What is required: Your transcription must include every record word for word and no pictures.

Saved data entries
- Opening Delimiter -

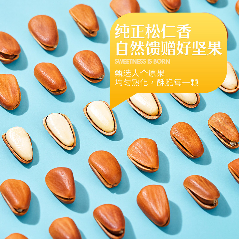 百草味东北松子大颗粒500g手剥开口休闲零食干果送礼新货坚果休闲
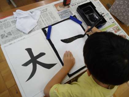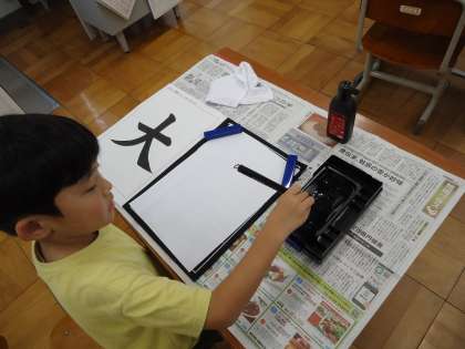 毛筆の学習にもすっかり慣れて、一人で準備をすることができるようになりました。
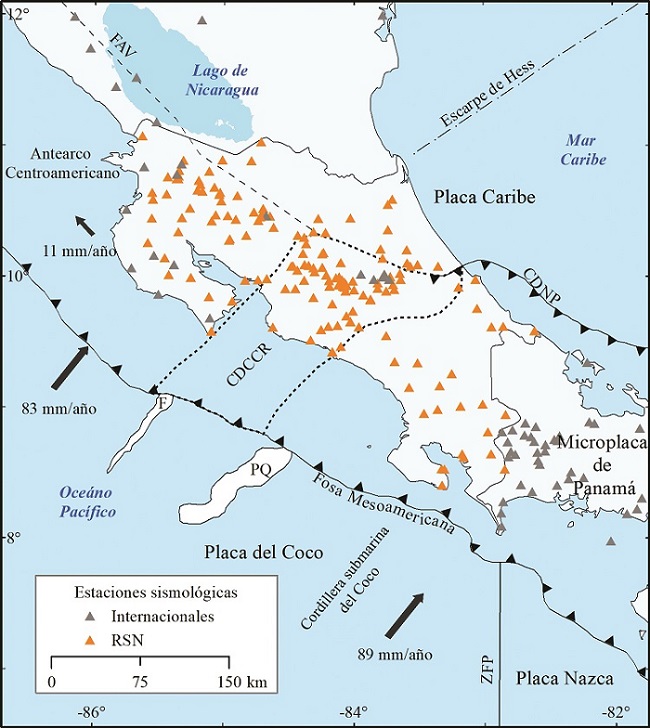Contexto tectónico de Costa Rica y estaciones de la Red Sismológica Nacional (RSN: UCR ICE). La región contenida dentro de la línea gruesa punteada representa el Cinturón Deformado del Centro de Costa Rica (CDCCR). La línea discontinua representa el límite noreste simplificado del Bloque Antearco Centroamericano a lo largo de las Fallas del Arco Volcánico (FAV) de acuerdo con Franco et al. (2012)[13]. CDNP es el Cinturón Deformado del Norte de Panamá, F es el monte submarino Fisher, P significa Plateau de Quepos, y ZFP, Zona de Fractura de Panamá.
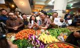 Wakil Menteri Perdagangan Jerry Sambuaga (ketiga kiri) mencoba pembayaran digital disaksikan oleh Direktur Utama Bank BTN Haru Koesmahargyo (kedua kanan), Direktur IT & Digital Bank BTN Andi Nirwoto (paling kanan) dan Anggota Komisi XI DPR RI Puteri Anetta Komarudin (ketiga kanan) saat melakukan kunjungan kerja ke Pasar Tagog, Padalarang, Kabupaten Bandung Barat, Selasa (7/3/2023). (FOTO : Dok. Republika)
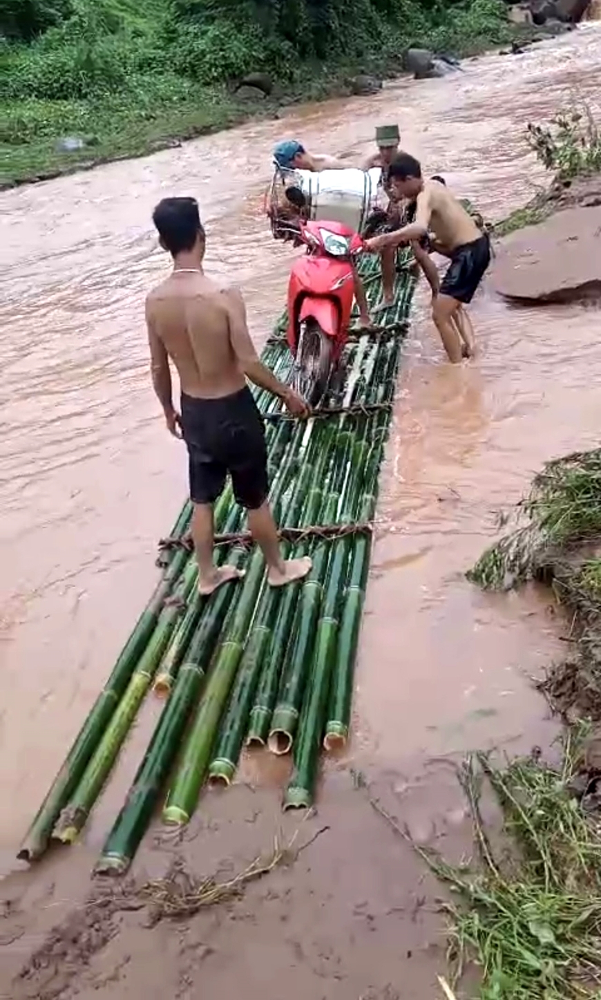 | Một số người dân đóng bè để đi qua khu vực ngầm tràn. |
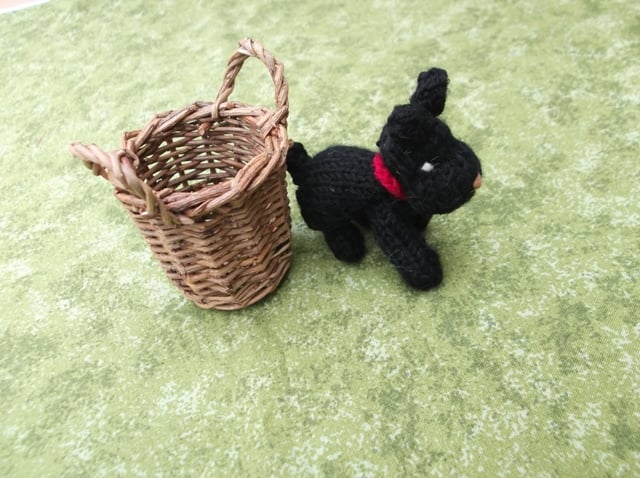 Knitted dog in a basket. Approx 6cm in sitting height. Wool stuffing.
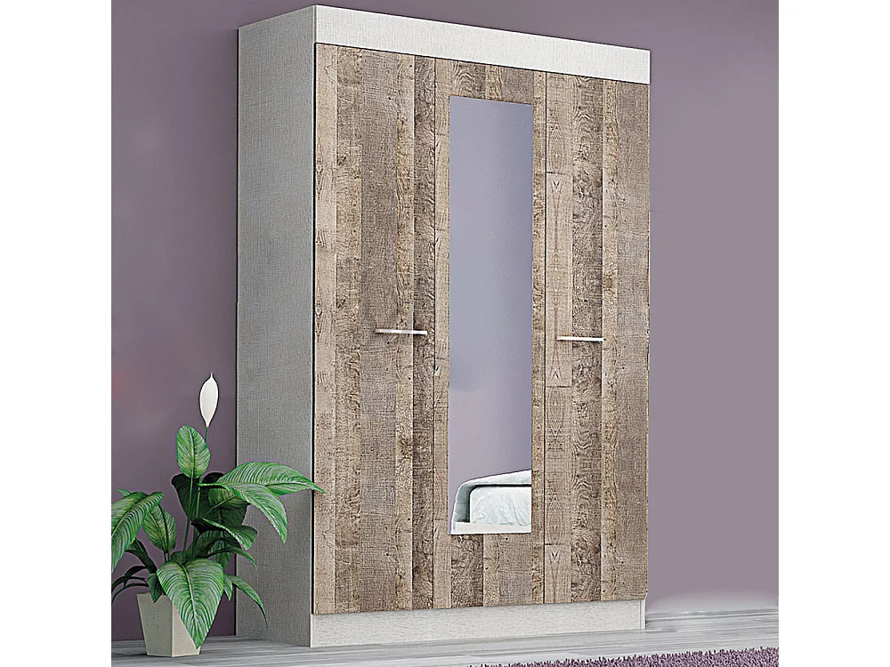 Armadio moderno a 3 ante battenti soft-closing color noce scuro e lino AG13

- Closing Delimiter -

Result of the task:
 百草味东北松子大颗粒500g手剥开口休闲零食干果送礼新货坚果休闲
 毛筆の学習にもすっかり慣れて、一人で準備をすることができるようになりました。
Contexto tectónico de Costa Rica y estaciones de la Red Sismológica Nacional (RSN: UCR ICE). La región contenida dentro de la línea gruesa punteada representa el Cinturón Deformado del Centro de Costa Rica (CDCCR). La línea discontinua representa el límite noreste simplificado del Bloque Antearco Centroamericano a lo largo de las Fallas del Arco Volcánico (FAV) de acuerdo con Franco et al. (2012)[13]. CDNP es el Cinturón Deformado del Norte de Panamá, F es el monte submarino Fisher, P significa Plateau de Quepos, y ZFP, Zona de Fractura de Panamá.
 Wakil Menteri Perdagangan Jerry Sambuaga (ketiga kiri) mencoba pembayaran digital disaksikan oleh Direktur Utama Bank BTN Haru Koesmahargyo (kedua kanan), Direktur IT & Digital Bank BTN Andi Nirwoto (paling kanan) dan Anggota Komisi XI DPR RI Puteri Anetta Komarudin (ketiga kanan) saat melakukan kunjungan kerja ke Pasar Tagog, Padalarang, Kabupaten Bandung Barat, Selasa (7/3/2023). (FOTO : Dok. Republika)
 | Một số người dân đóng bè để đi qua khu vực ngầm tràn. |
 Knitted dog in a basket. Approx 6cm in sitting height. Wool stuffing.
 Armadio moderno a 3 ante battenti soft-closing color noce scuro e lino AG13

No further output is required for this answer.